» **TASK INPUT**
++++++++++

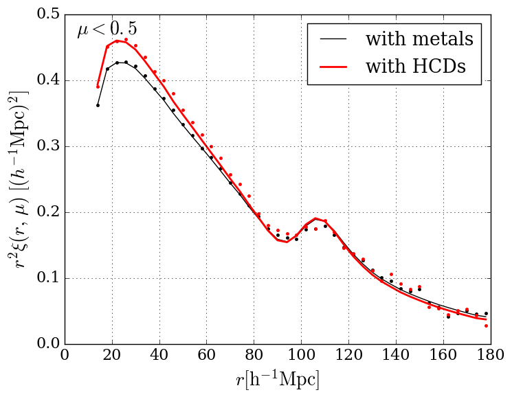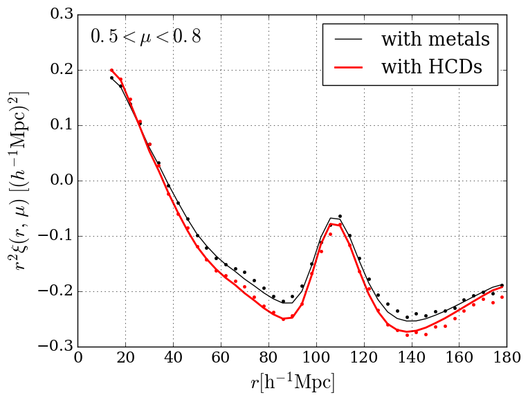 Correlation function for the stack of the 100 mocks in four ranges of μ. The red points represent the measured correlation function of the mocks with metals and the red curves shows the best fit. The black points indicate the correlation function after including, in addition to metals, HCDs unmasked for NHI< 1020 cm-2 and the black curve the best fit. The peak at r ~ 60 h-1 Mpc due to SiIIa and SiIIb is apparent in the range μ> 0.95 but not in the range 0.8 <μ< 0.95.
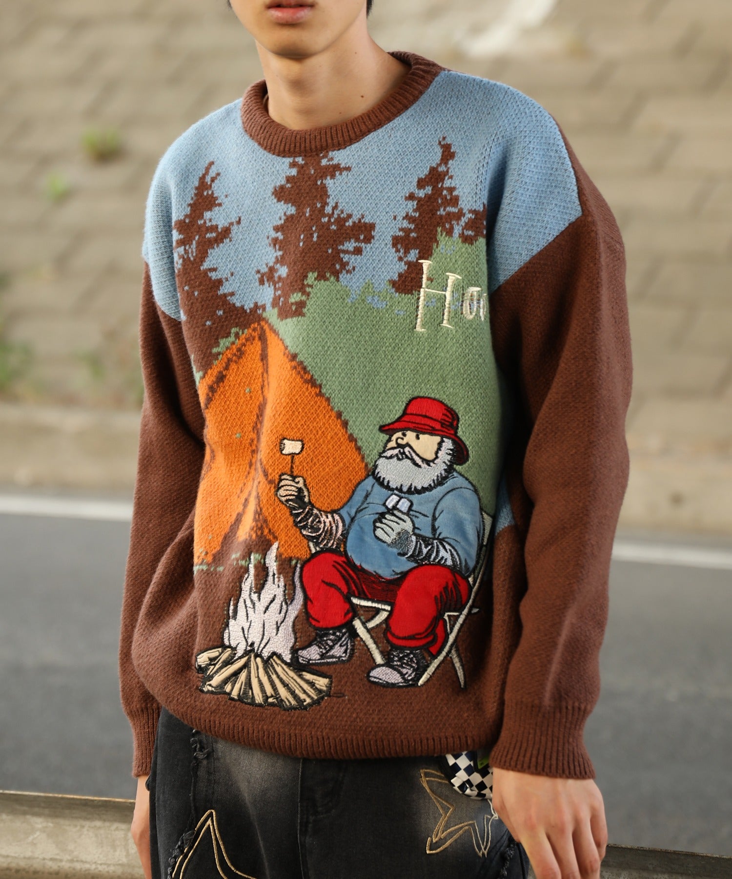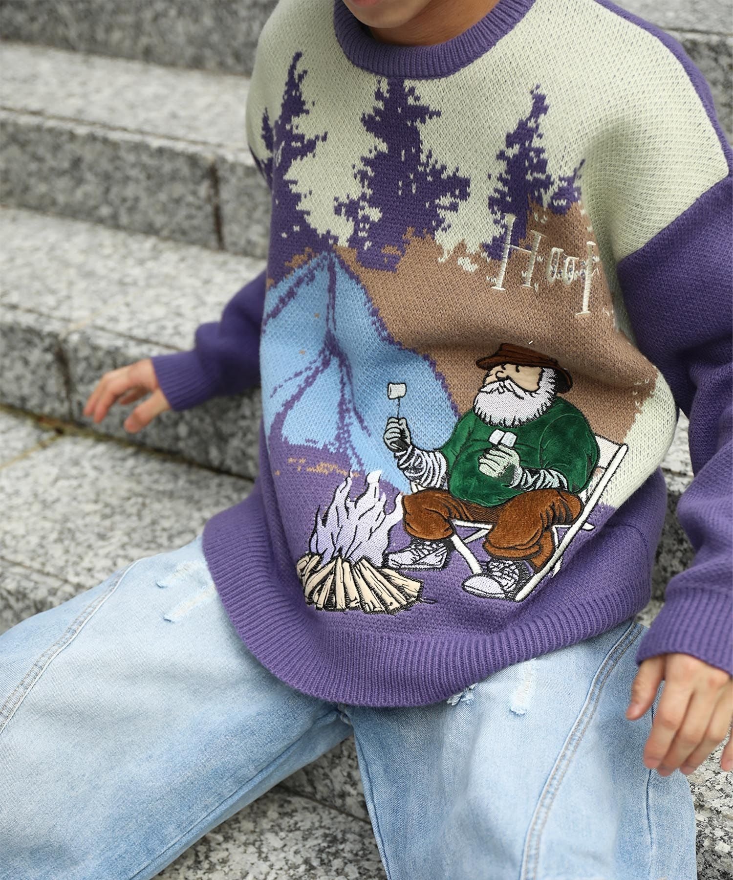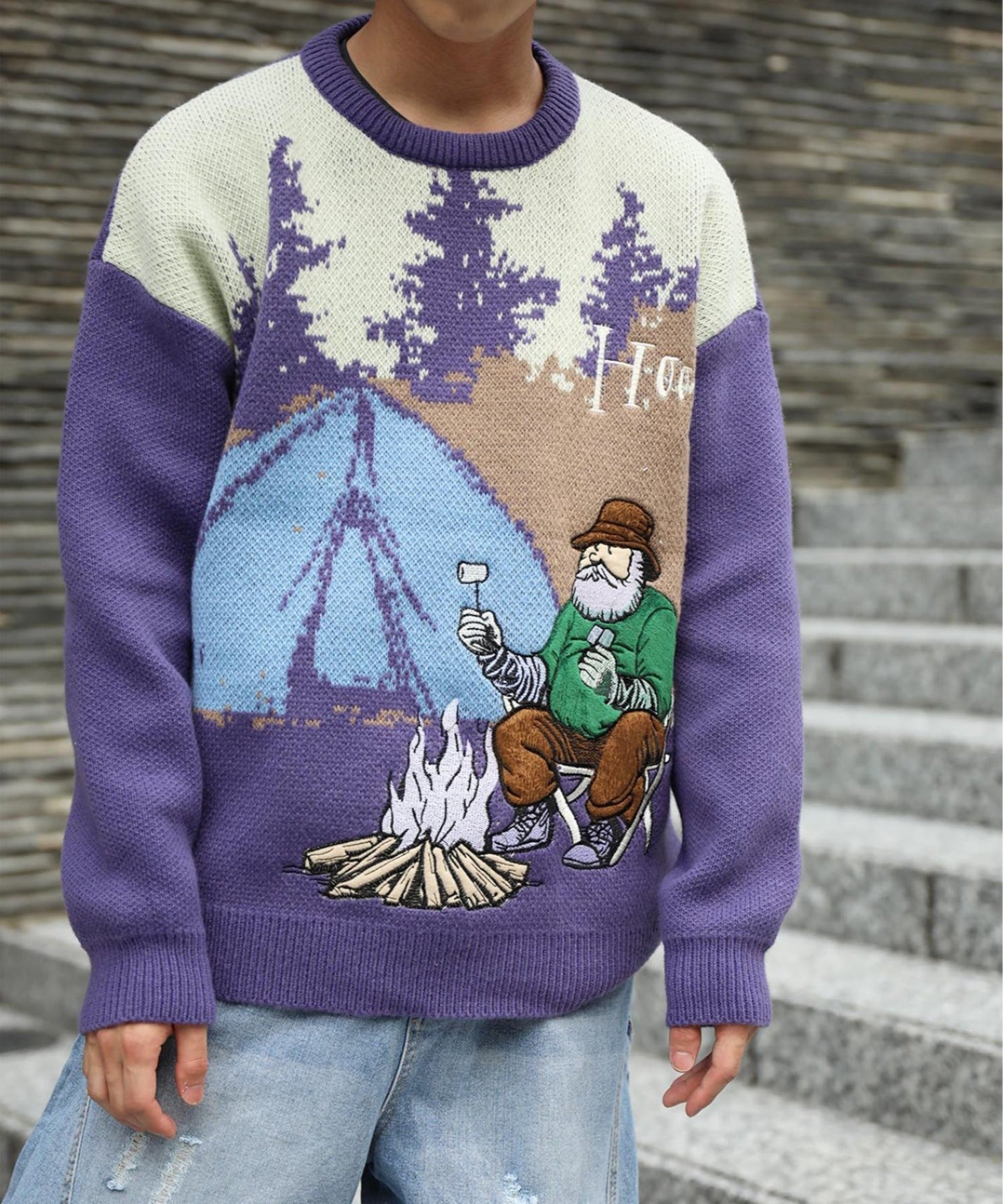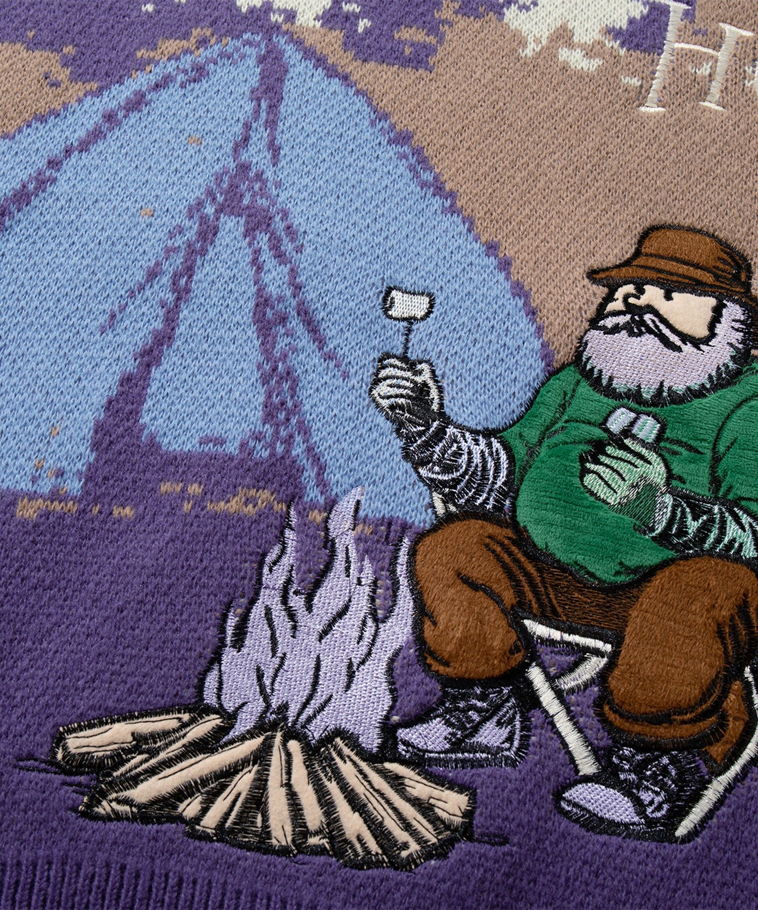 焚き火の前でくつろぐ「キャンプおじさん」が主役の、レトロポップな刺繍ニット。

++++++++++

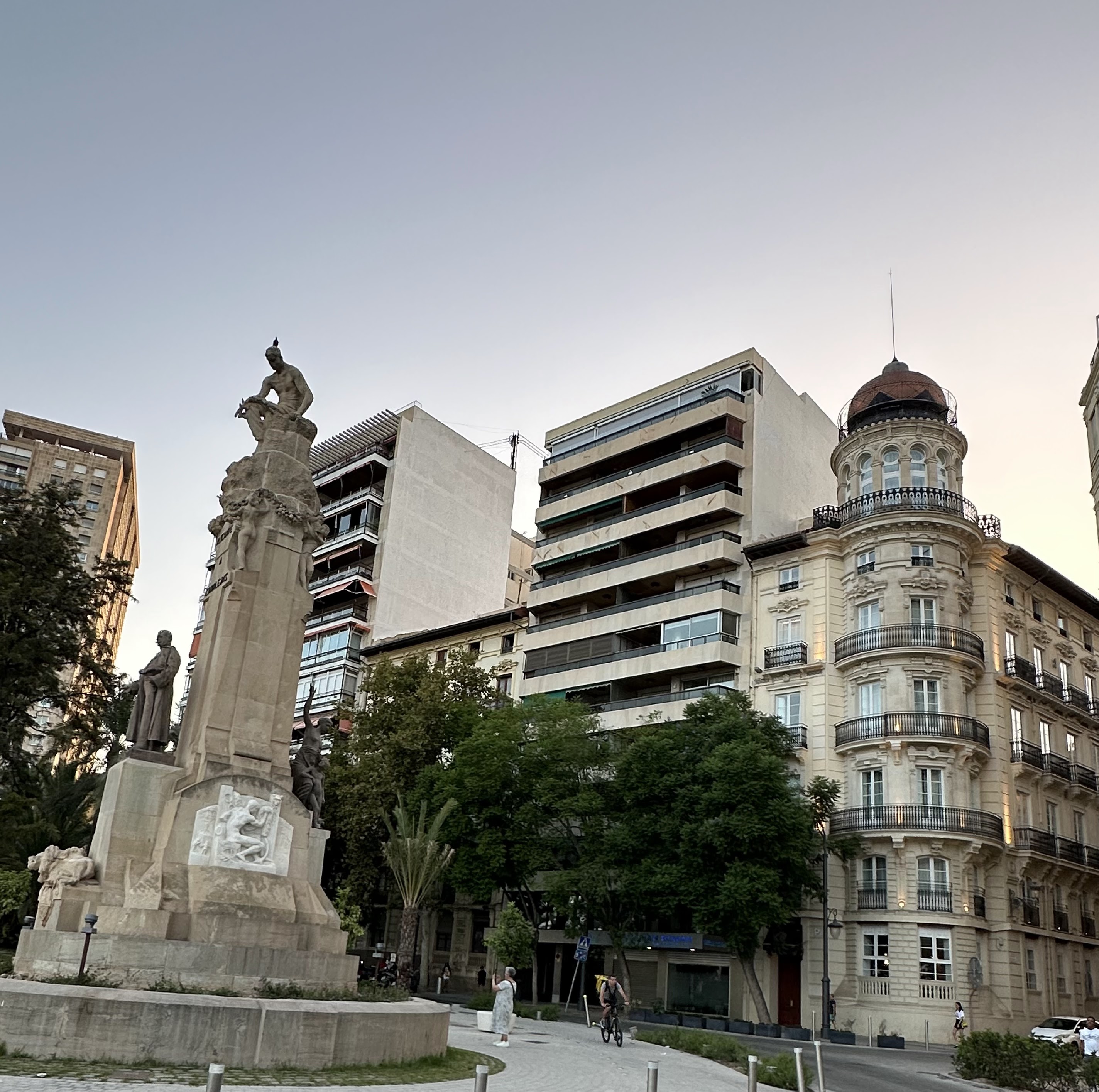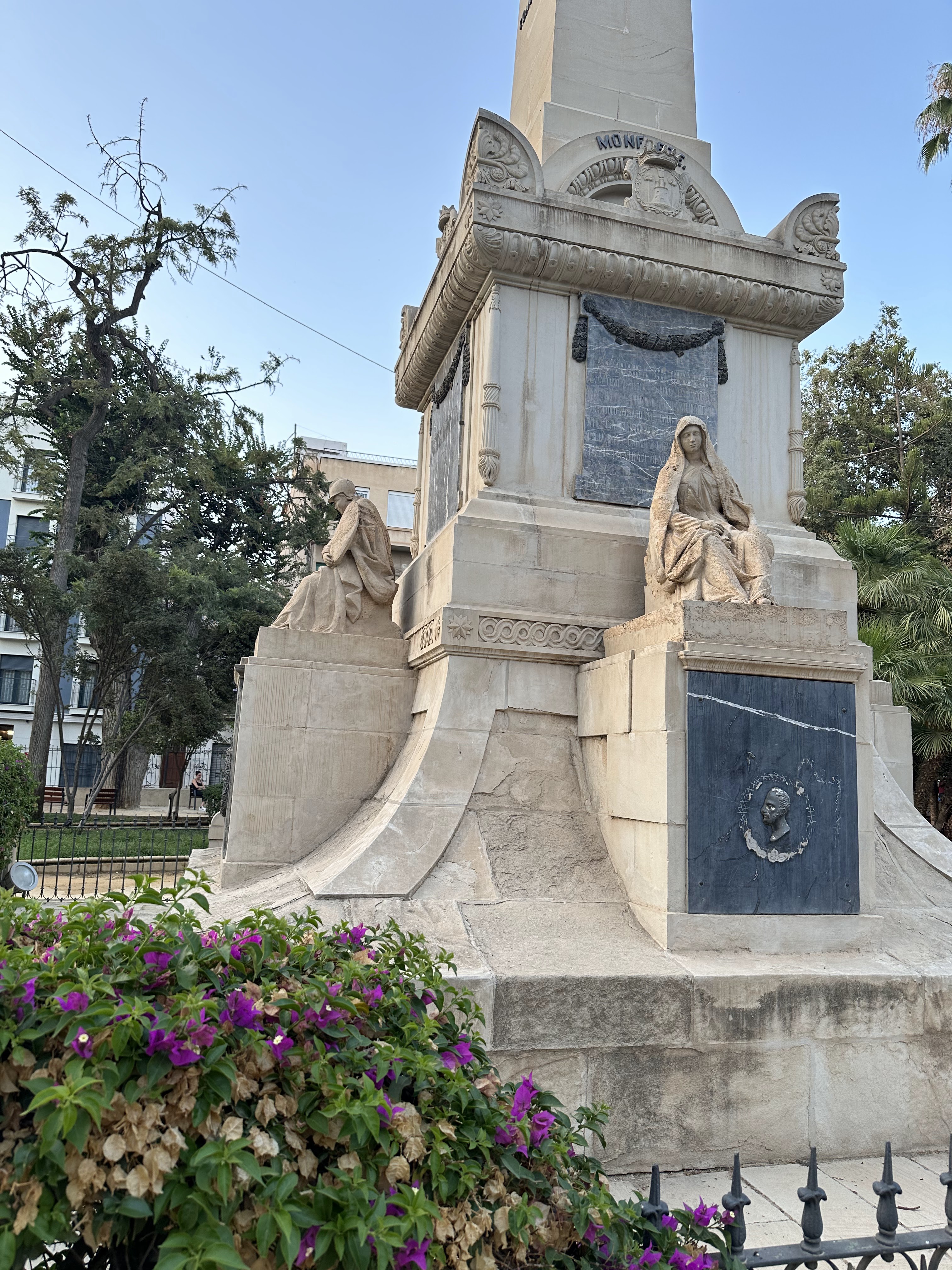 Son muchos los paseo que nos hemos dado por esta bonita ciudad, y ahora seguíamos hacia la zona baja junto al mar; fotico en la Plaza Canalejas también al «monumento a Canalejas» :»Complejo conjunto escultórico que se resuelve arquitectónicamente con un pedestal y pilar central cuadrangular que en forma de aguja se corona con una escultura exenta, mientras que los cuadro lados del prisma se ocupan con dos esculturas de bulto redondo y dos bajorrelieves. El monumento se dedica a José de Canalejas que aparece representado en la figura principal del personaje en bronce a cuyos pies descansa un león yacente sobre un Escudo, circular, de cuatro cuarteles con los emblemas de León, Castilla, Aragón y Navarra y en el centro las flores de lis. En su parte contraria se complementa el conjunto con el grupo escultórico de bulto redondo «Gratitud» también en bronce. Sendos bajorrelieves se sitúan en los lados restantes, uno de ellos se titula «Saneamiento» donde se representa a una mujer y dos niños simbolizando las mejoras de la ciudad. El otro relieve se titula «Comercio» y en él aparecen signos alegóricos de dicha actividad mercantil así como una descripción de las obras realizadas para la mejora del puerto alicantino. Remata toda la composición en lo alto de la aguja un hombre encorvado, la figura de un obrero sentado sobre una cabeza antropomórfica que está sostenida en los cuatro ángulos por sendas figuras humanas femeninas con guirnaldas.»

++++++++++

» **WORK INSTRUCTIONS**
Above are the records. Copy word for word only their lines from the one holding "Correlation function for" through the one holding "焚き火の前でくつろぐ「キャンプおじさん」が主役の、レトロポップな刺繍ニット。", both included, and skip the images.

» **RESULT FOR THIS TASK**
 Correlation function for the stack of the 100 mocks in four ranges of μ. The red points represent the measured correlation function of the mocks with metals and the red curves shows the best fit. The black points indicate the correlation function after including, in addition to metals, HCDs unmasked for NHI< 1020 cm-2 and the black curve the best fit. The peak at r ~ 60 h-1 Mpc due to SiIIa and SiIIb is apparent in the range μ> 0.95 but not in the range 0.8 <μ< 0.95.
 焚き火の前でくつろぐ「キャンプおじさん」が主役の、レトロポップな刺繍ニット。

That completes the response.